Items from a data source
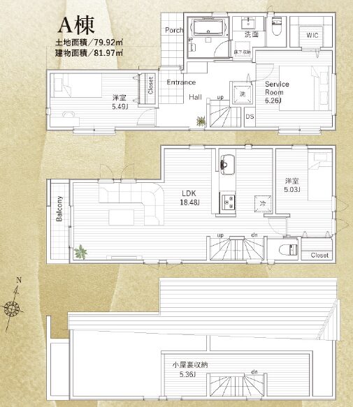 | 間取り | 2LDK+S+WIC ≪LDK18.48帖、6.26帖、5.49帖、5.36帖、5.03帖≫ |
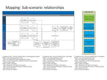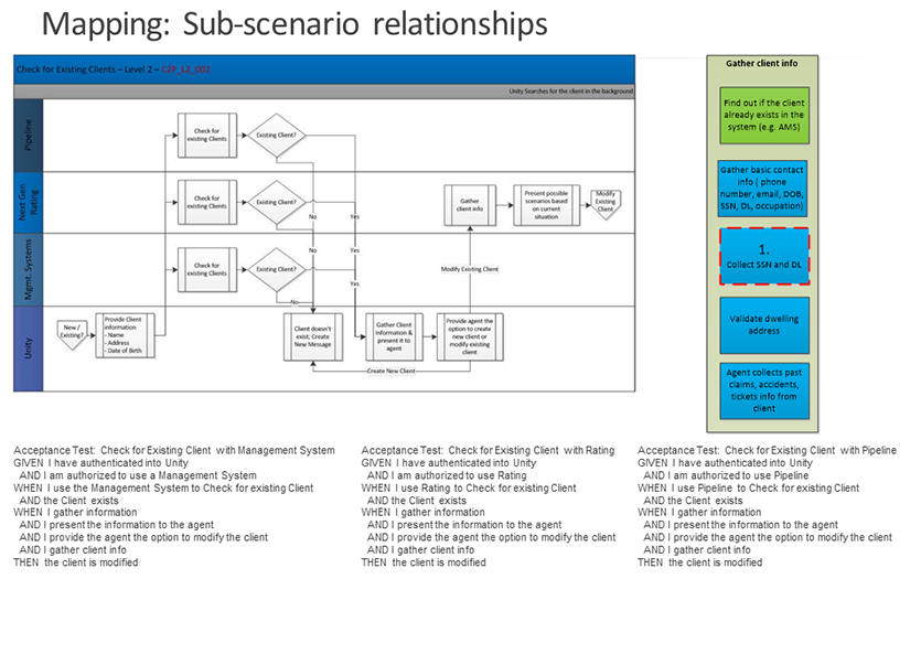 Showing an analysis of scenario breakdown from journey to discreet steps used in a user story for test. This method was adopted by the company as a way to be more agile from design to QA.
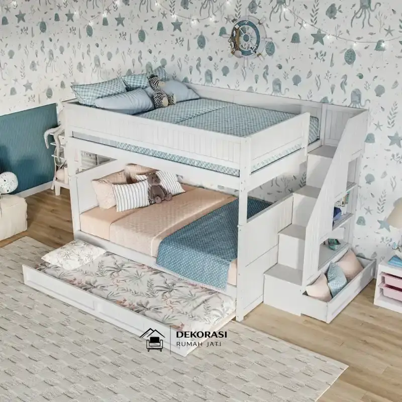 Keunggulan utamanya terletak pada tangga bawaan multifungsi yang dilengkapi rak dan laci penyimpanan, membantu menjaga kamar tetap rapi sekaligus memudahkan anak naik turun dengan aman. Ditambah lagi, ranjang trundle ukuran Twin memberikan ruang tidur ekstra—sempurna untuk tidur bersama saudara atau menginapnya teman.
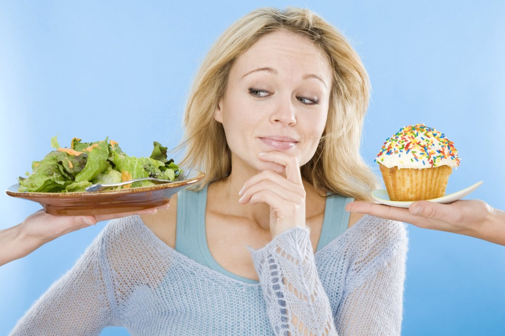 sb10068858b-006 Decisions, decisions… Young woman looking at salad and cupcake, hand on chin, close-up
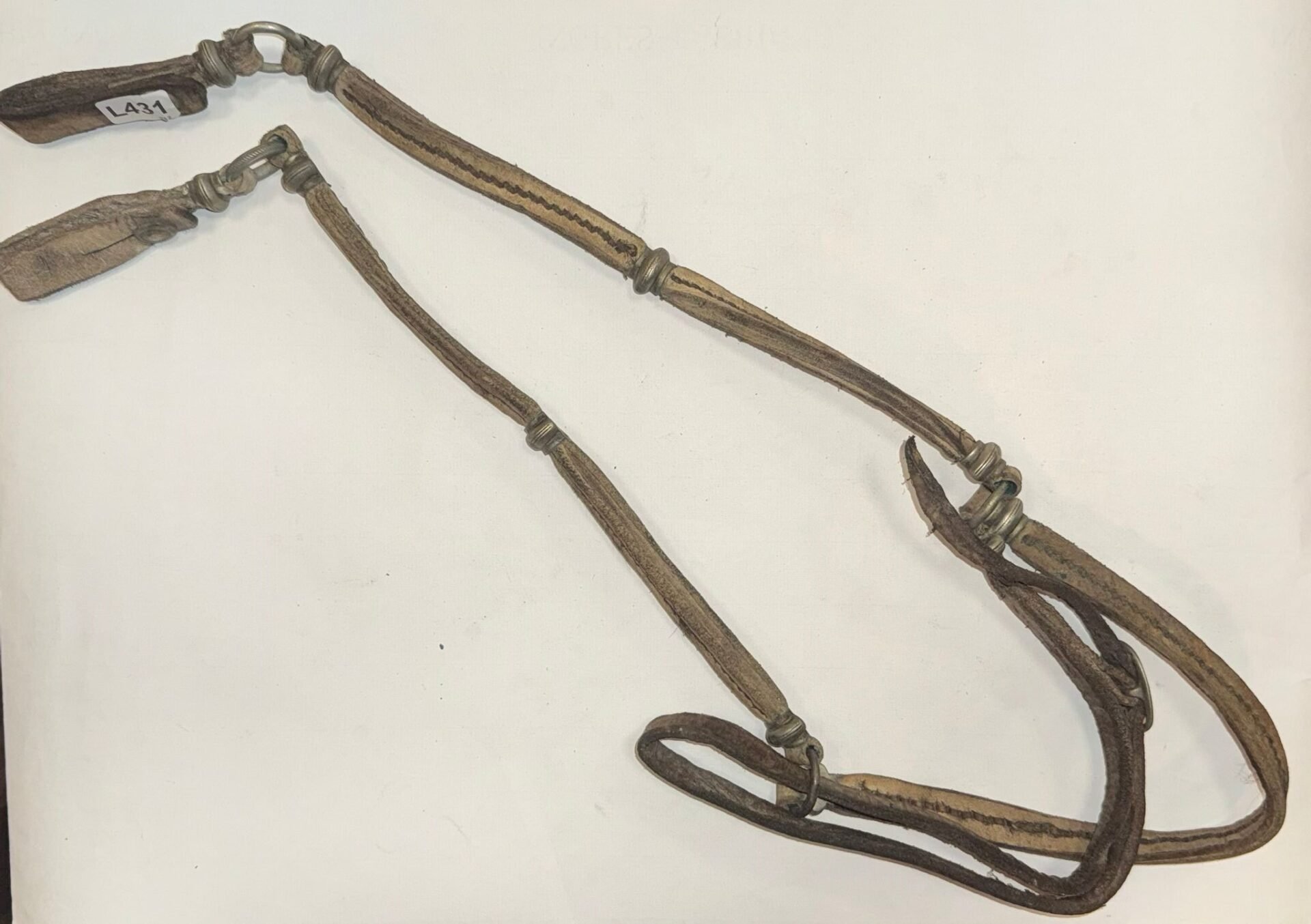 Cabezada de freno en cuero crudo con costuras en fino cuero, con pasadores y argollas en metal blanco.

# WHAT IS BEING ASKED:
In the data above, find the line containing "Keunggulan utamanya terletak"; from there, please write out each line through the end, exactly, with the pictures omitted.

# SOLUTION:
 Keunggulan utamanya terletak pada tangga bawaan multifungsi yang dilengkapi rak dan laci penyimpanan, membantu menjaga kamar tetap rapi sekaligus memudahkan anak naik turun dengan aman. Ditambah lagi, ranjang trundle ukuran Twin memberikan ruang tidur ekstra—sempurna untuk tidur bersama saudara atau menginapnya teman.
 sb10068858b-006 Decisions, decisions… Young woman looking at salad and cupcake, hand on chin, close-up
 Cabezada de freno en cuero crudo con costuras en fino cuero, con pasadores y argollas en metal blanco.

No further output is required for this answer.